Herpes Simplex Virus (HSV-1 & HSV-2), Qualitative PCR, CSF
Test Mnemonic
HSPCRC
CPT Codes
- 87529 - QTY (2)
LOINC ®
5013-8
Aliases
- HSPCRC
- HSV
- SQHSPCRC
Performing Laboratory
Cleveland Clinic Laboratories
Specimen Requirements
Volume | Type | Container | Collect Temperature | Transport Temperature | Special Instructions |
---|---|---|---|---|---|
0.5 mL | Cerebrospinal fluid (CSF) | Sterile container | Refrigerated | Collect CSF using standard protocol. CSF from any tube of collection (Tubes 1-4) may be used for this assay. Make a dedicated aliquot into a sterile tube using sterile technique in a biosafety cabinet. Residual specimen from non-Microbiology laboratories is NOT acceptable. |
Minimum Specimen Requirements
Volume | Type | Container | Collect Temperature | Transport Temperature | Special Instructions |
---|---|---|---|---|---|
0.2 mL | Collect CSF using standard protocol.
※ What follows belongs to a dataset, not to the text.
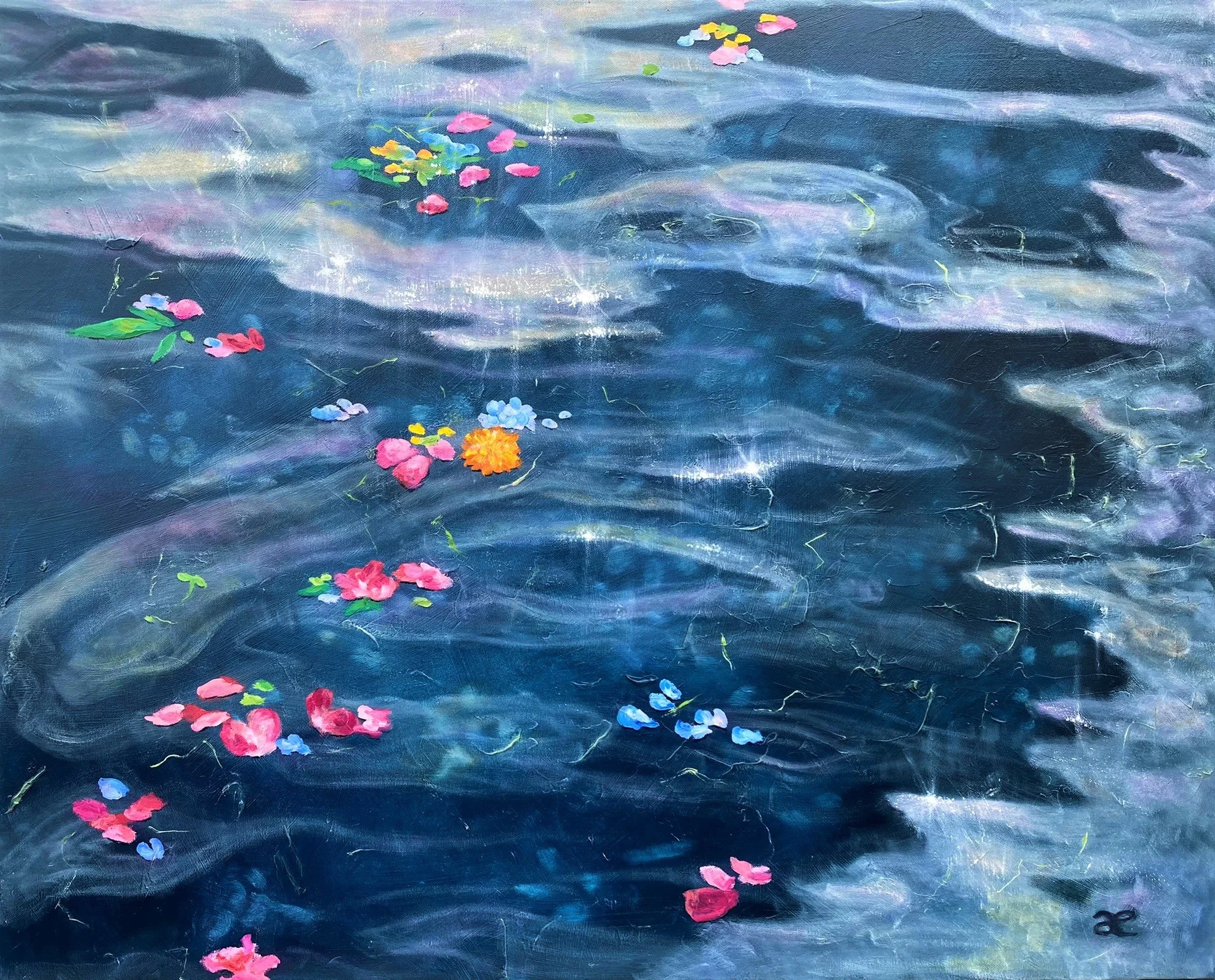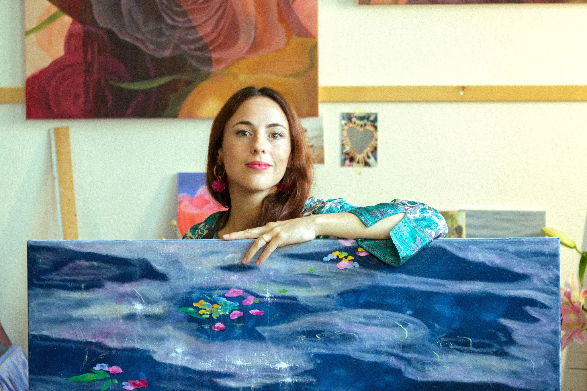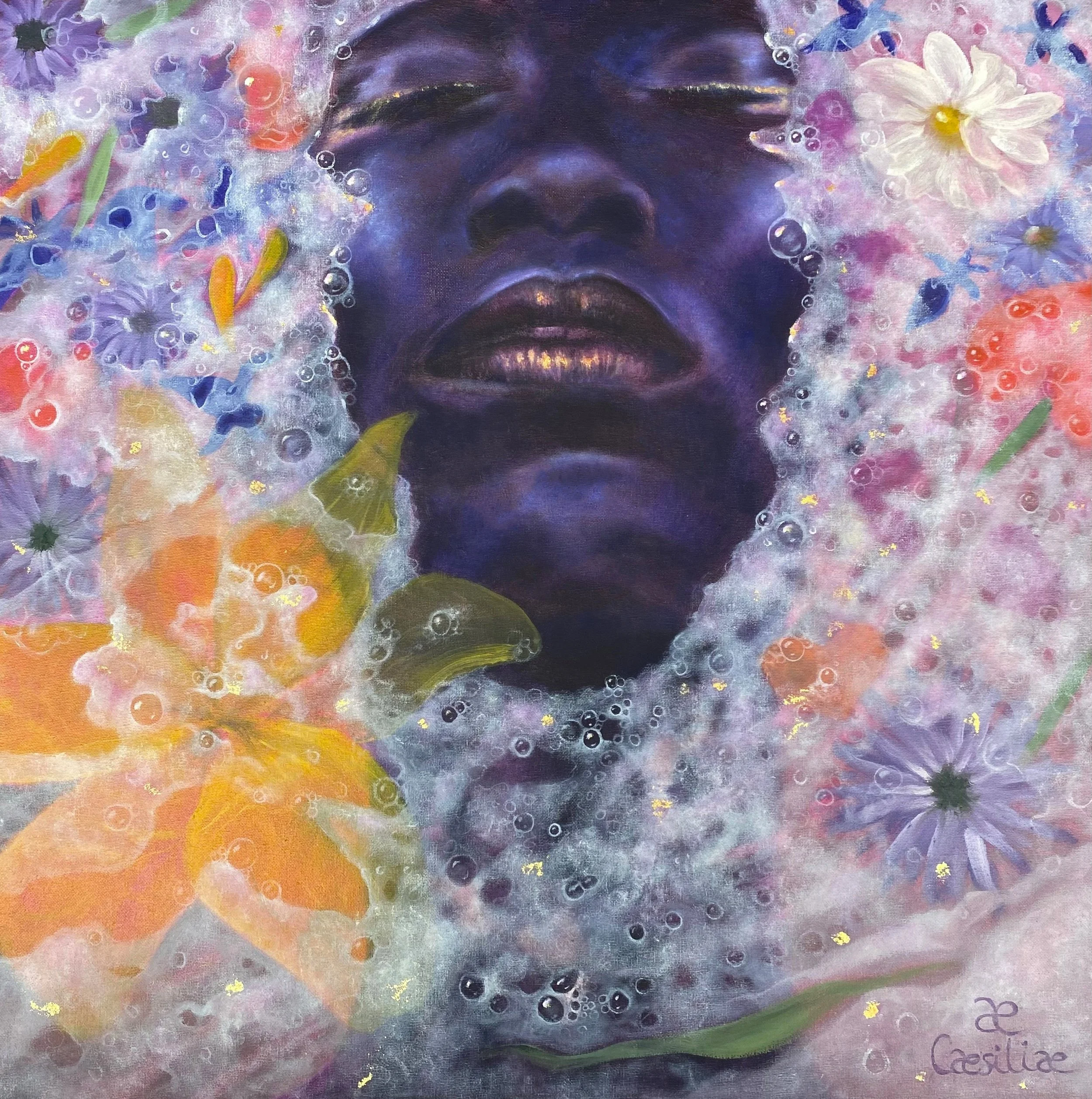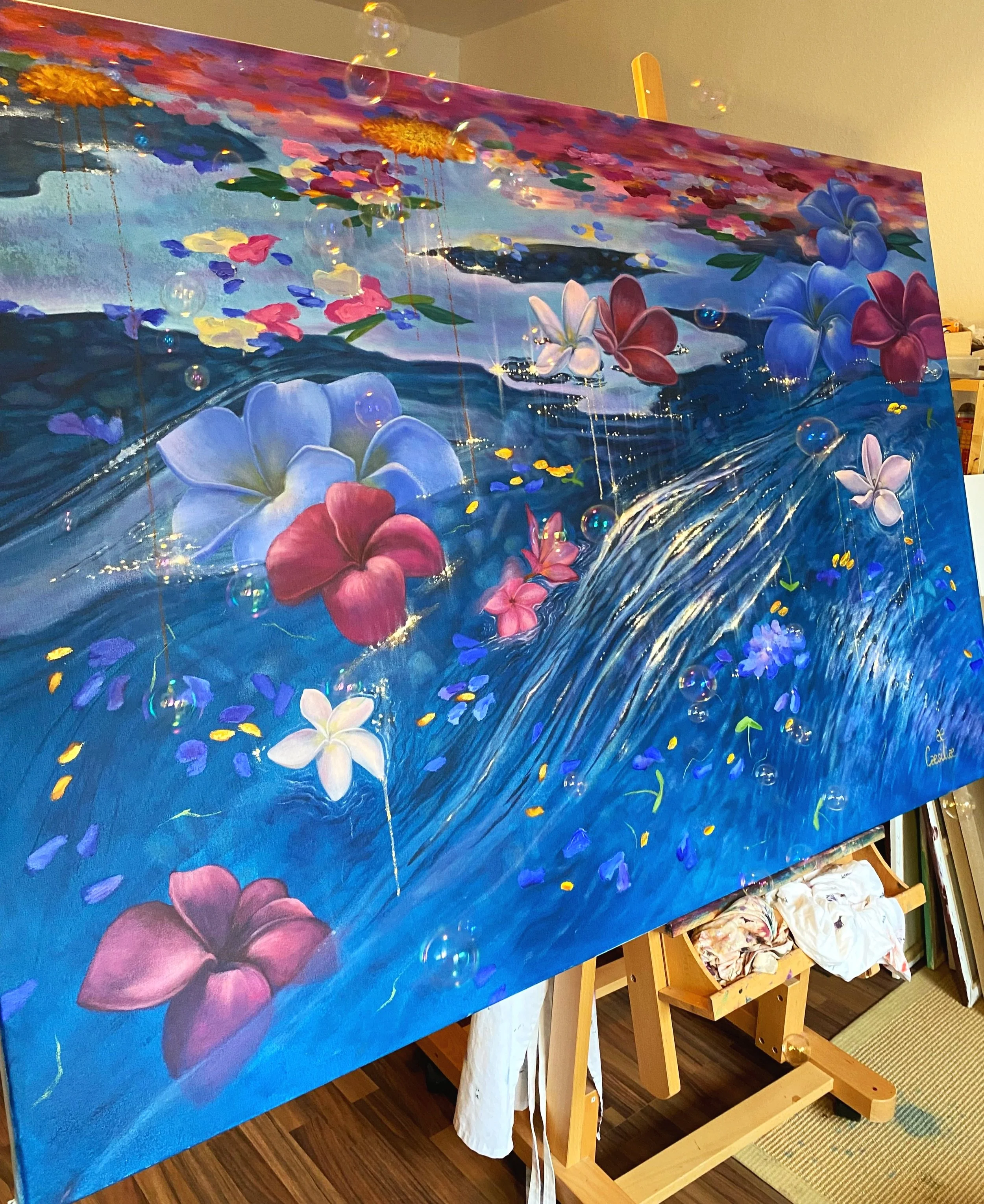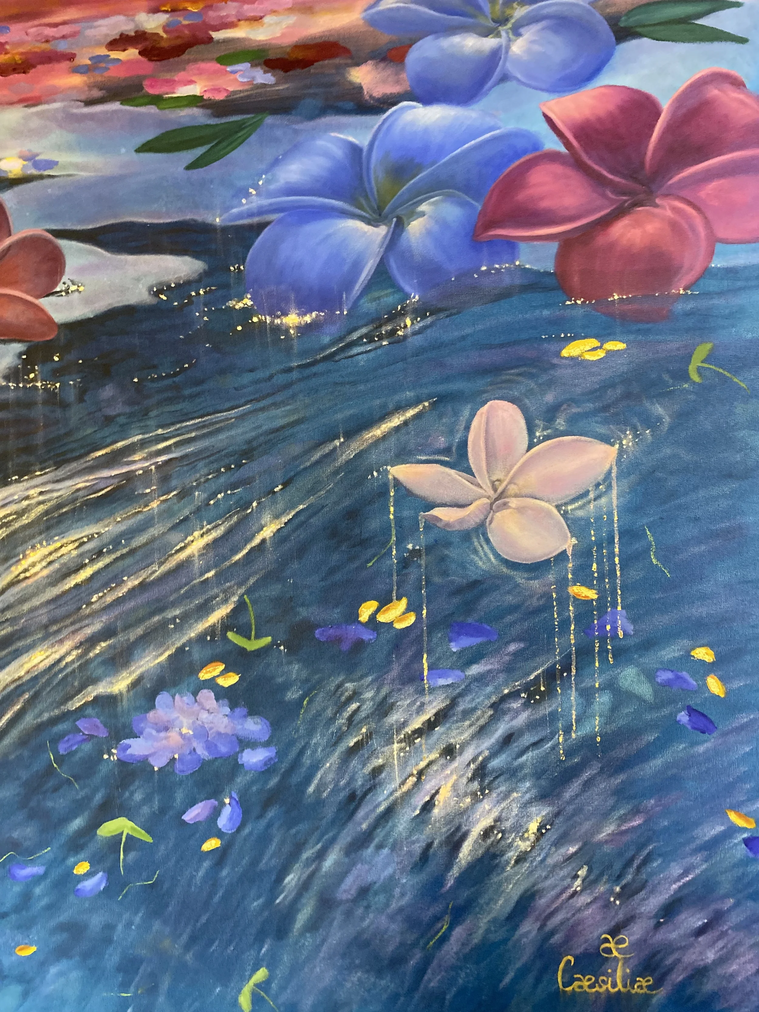 I have been inspired by visions of magical worlds. Memories of the beautiful gardens of my grand-mothers and of my mother, who passed away . A life time observing luminous reflexion on water. Spring in Berlin. Sacred temples in Bali. Bathing in bubbles and colorful fresh flowers. My nourished inner world and imagination. Becoming a mother and transforming deeply. Energy work journeys with enlightened female leaders. And women around the world who have come before, around and after me…

CSF from any tube of collection (Tubes 1-4) may be used for this assay. Make a dedicated aliquot into a sterile tube using sterile technique in a biosafety cabinet. Residual specimen from non-Microbiology laboratories is NOT acceptable. |
Stability
Environmental Condition | Description |
---|---|
Refrigerated | 7 days at 2-8C |
Frozen | 1 month at -70C |
Days Performed
7 days a week
Turnaround Time
1 - 3 days
Methodology
Name | Description |
---|---|
Qualitiative Real-Time PCR |
Clinical Info
Herpes simplex viruses (HSV-1 and HSV-2) are enveloped DNA viruses that are members of the alpha-herpesviridae subfamily. HSV causes about 5–10% of all encephalitis cases, and is one of the most common causes of identified sporadic encephalitis globally. HSV-1 encephalitis is more common in adults; and HSV-2 encephalitis is more common in neonates. Clinical features involved with HSV encephalitis include fever, hemicranial headache, language and behavioral abnormalities, memory impairment, and seizures. HSV can also be associated with meningitis. Nucleic acid amplification testing of CSF specimens has greatly increased the ability to diagnose infections of the CNS, especially viral infections caused by the herpesviruses. The FDA-cleared DiaSorin Molecular Simplexa HSV 1 & 2 Direct is a multiplex qualitative real-time PCR assay that targets HSV-1 and HSV-2 DNA polymerase genes, and is intended for use as an aid in the diagnosis of HSV-1 and HSV-2 infections of the CNS. For encephalitis patients with a negative herpes simplex PCR result, consideration should be given to repeating the test 3–7 days later for patients demonstrating a compatible clinical syndrome or temporal lobe localization on neuroimaging. This standalone HSV-1 and HSV-2 PCR test has been shown to have greater analytic sensitivity for HSV detection as compared to large multiplex panels, and should be considered for patients with high pre-test probability of HSV encephalitis.
Clinical Limitation
Negative results do not preclude HSV-1 or HSV-2 infection and should not be used as the sole basis for treatment or other patient management decisions, especially if performed very early in the course of illness. For encephalitis patients with a negative herpes simplex PCR result, consideration should be given to repeating the test 3–7 days later for patients demonstrating a compatible clinical syndrome or temporal lobe localization on neuroimaging. As with other tests, false-positive results may occur. Repeat testing or testing with a different device may be indicated in some settings. A positive result by this test cannot rule out infections caused by other viral or bacterial pathogens. Viral nucleic acids may persist in vivo independent of virus viability. Detection of target analyte(s) does not imply that the corresponding viruses are infectious or are the causative agent for clinical symptoms.
Clinical Reference
Vaugon E, Mircescu A, Caya C, Yao M, Gore G, Dendukuri N, Papenburg J. Diagnostic accuracy of rapid one-step PCR assays for detection of herpes simplex virus-1 and -2 in cerebrospinal fluid: a systematic review and meta-analysis. Clin Microbiol Infect. 2022 Dec;28(12):1547-1557. doi: 10.1016/j.cmi.2022.06.004. Epub 2022 Jun 17. PMID: 35718347.